Добавить в цитаты Настройки чтения

Страница 2 из 8

      Справедливо рассудив, что курильщики имеют право раз в час бегать на перекур, — а если мы не курим, что ж мы теперь, и передохнуть не можем? — мы тоже взяли себе привычку пару раз за день убегать на лестницу, чтобы схомячить по батончику или разломить по-братски плитку. Лестницей у нас практически никто не пользовался, покупатели предпочитали кататься между этажей торгового центра на эскалаторах или лифте. А зря — удобные широкие ступеньки с белой, нескользкой плиткой. Просторные площадки, в нашем любимом углу фикус в бочке! Гулкая тишина. Чистота, ибо никто не топчет. А какое окно во всю стену! Какой вид на город! Внизу стоянка, дальше немного зелени, откос — и панорама на изгиб реки. А на горизонте, за сероватой дымкой дневного смога — заречная часть города, с пирамидками небоскребов, с кубиками девятиэтажек, с дымящими трубами заводов. Красота!

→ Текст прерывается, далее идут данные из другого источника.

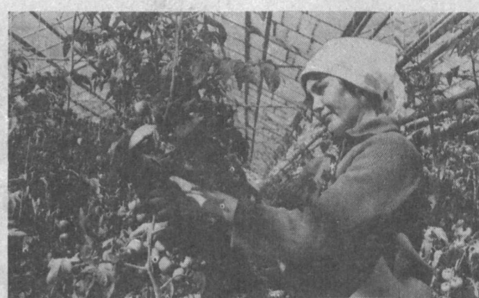
САМАРКАНДСКАЯ ОБЛАСТЬ. Колхоз имени Ф. Косымова — хозяйство многоотраслевое. Стабильно трудятся сельчане, на всех участках видна рука рачительного, умелого хозяина.
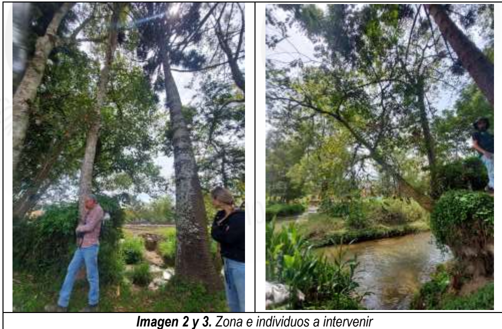
Imagen 2 y 3. Zona e individuos a intervenir
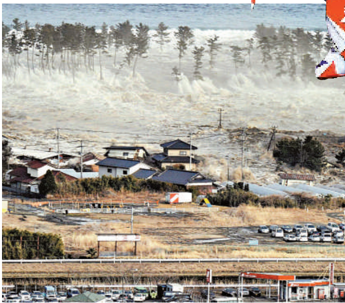
▲2011年日本宮城縣海嘯，破壞力驚人
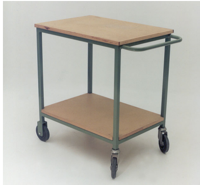
Tischblatt und Tablar in Novopan Plateau supérieur et tablar en Novopan

Plateau: 700 x 500 / 800 x 600 / 1000 x 700 / 1200 x 800 mm Hauteur: 700 / 800 / 900 mm
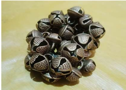
চিত্র : ঘুণ্ডা
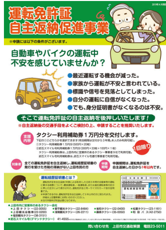
②運転免許証自主返納促進事業ポスター

      Вот тут-то мы с Манькой, усаживаясь на широкий подоконник, и наслаждались нашей маниакальной тягой к сладостям. И должен признать, хомячить в компании с единомышленницей оказалось вдвое вкуснее.

      По первому времени нас гоняла страшной тряпкой уборщица, тётя Валя. Но на ближайшее восьмое марта мы с Машкой скинулись ей на большую коробку конфет. Она распробовала, прониклась и подобрела. Даже поставила нам ведерко для фантиков. Нет, мы конечно же и раньше не мусорили, но зато теперь не надо было распихивать пустые обертки по карманам.

      Плитка за плиткой, коробка за коробкой, батончик за батончиком. Изо дня в день. Я расслабился, потерял бдительность.

      — Ты чего сияешь, как самоварный пряник? — заметила Машка, хотя я добросовестно завесился челкой, чтобы не выдать своего долгожданного счастья блеском глаз.

      — Какой-какой? — буркнул я, делая вид, будто страшно заинтересован творожными сырками.

      — Глазурованный до блеска! — выдала Машка, также делая вид, будто занята работой. — Вон, «глазурь»-то так и бегает, из под челочки-то светится двумя фонариками!

      Я бурчал невразумительное, партизанил по холодным витринам. Но Машка не отставала. Надавила новым сортом альпийского — и я раскололся. Показал брелок, вчера пришедший по почте из обетованной для всех отаку страны Восходящего Солнца.

      — Так ты анимешник?! — обрадовалась Машка.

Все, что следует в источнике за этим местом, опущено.